__Exercise directions__: Please reproduce the entries exactly, skipping each picture.

__Excerpted records__:

++++

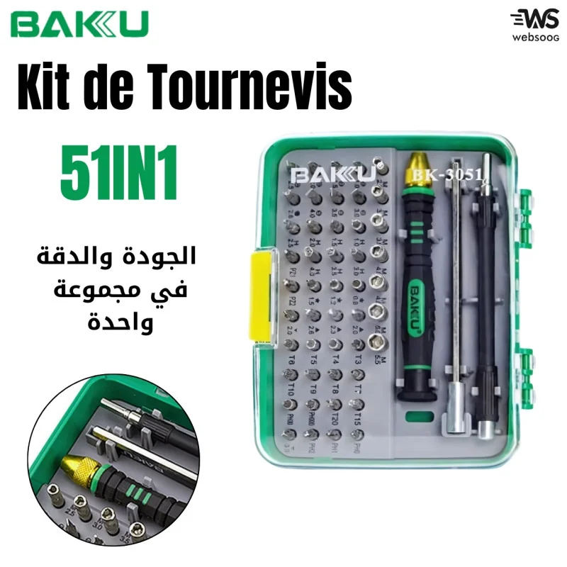 Kit de Tournevis BAKU BK-3051 – Outil de Précision pour Réparation, Multi-Têtes Interchangeables
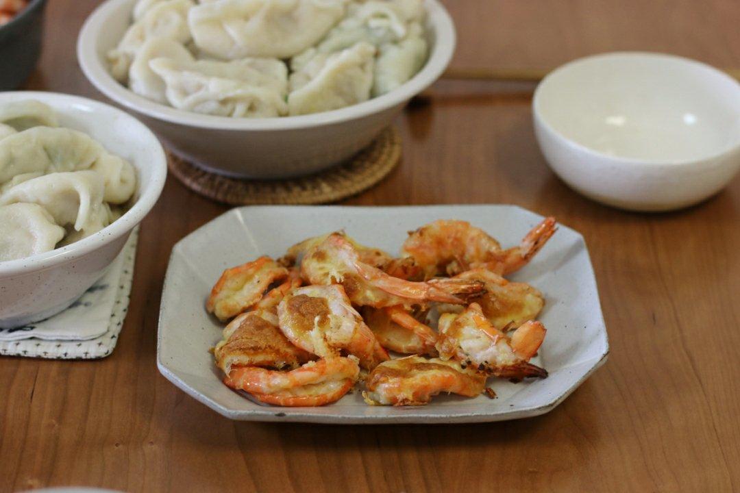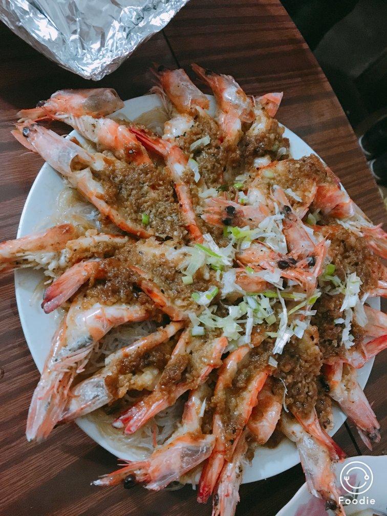 蒜蓉蒸开背虾。虾有点多,摆不出造型了。😃
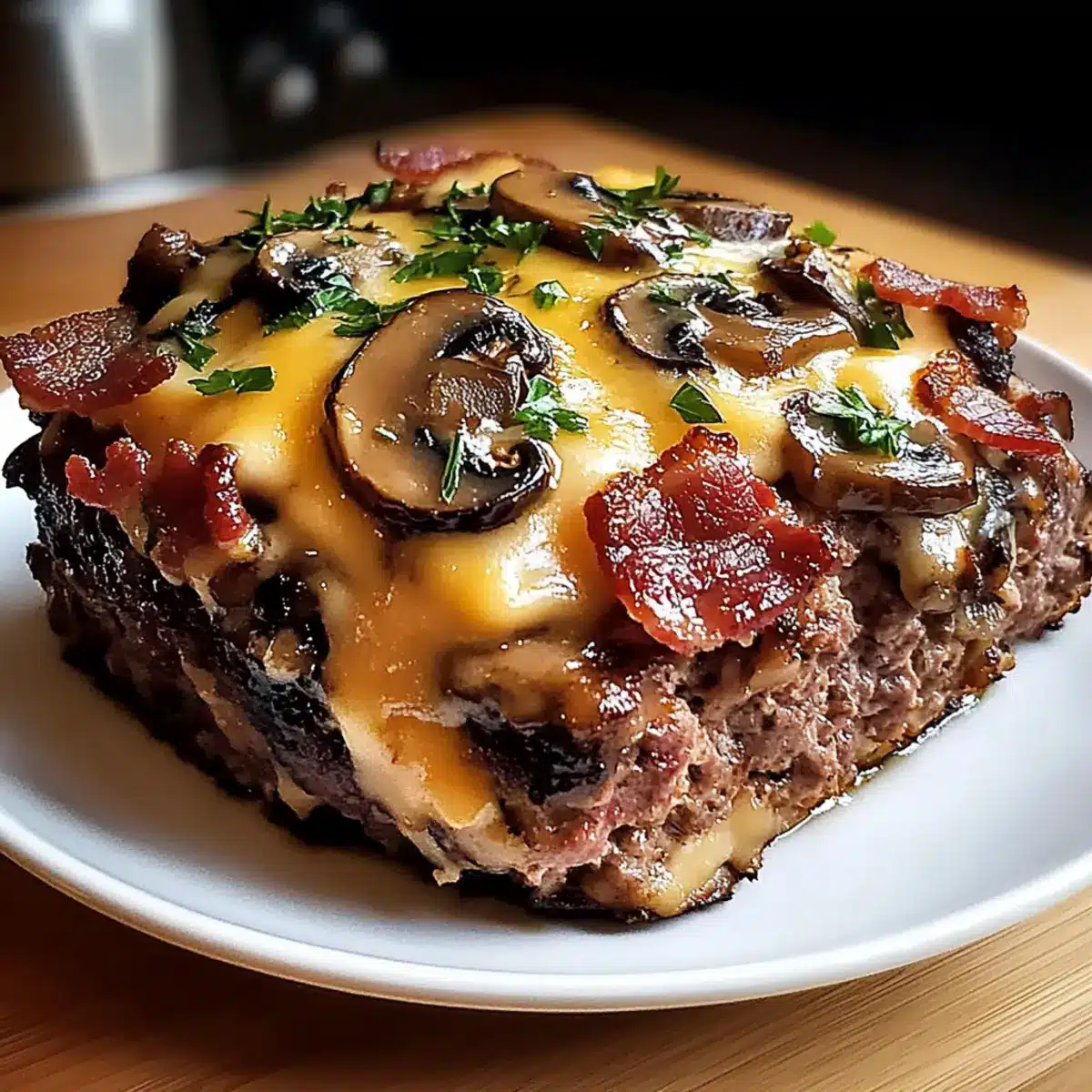 Comforting: This Swiss Bacon Mushroom Meatloaf brings a cozy feeling with each slice, perfect for family dinners or casual get-togethers.
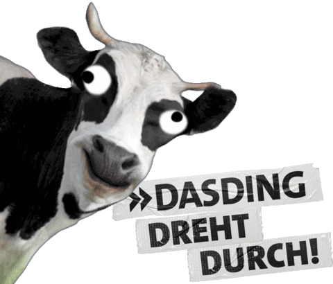 A funny animated sticker featuring a wide-eyed cow and the German text 'Dasding Dreht Durch!', meaning 'Dasding is going crazy!'.
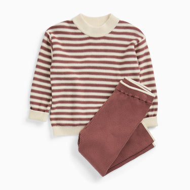 A stripey staple meets cosy comfort – the Stripe Knitted Jumper and matching Ribbed Leggings make the perfect chilly-day duo. Crafted from breathable organic cotton, this set is soft on skin and easy to wear, with thoughtful details like back buttons and a comfy waistband for wriggly little ones.

++++

__Answer for this exercise__:
 Kit de Tournevis BAKU BK-3051 – Outil de Précision pour Réparation, Multi-Têtes Interchangeables
 蒜蓉蒸开背虾。虾有点多,摆不出造型了。😃
 Comforting: This Swiss Bacon Mushroom Meatloaf brings a cozy feeling with each slice, perfect for family dinners or casual get-togethers.
 A funny animated sticker featuring a wide-eyed cow and the German text 'Dasding Dreht Durch!', meaning 'Dasding is going crazy!'.
 A stripey staple meets cosy comfort – the Stripe Knitted Jumper and matching Ribbed Leggings make the perfect chilly-day duo. Crafted from breathable organic cotton, this set is soft on skin and easy to wear, with thoughtful details like back buttons and a comfy waistband for wriggly little ones.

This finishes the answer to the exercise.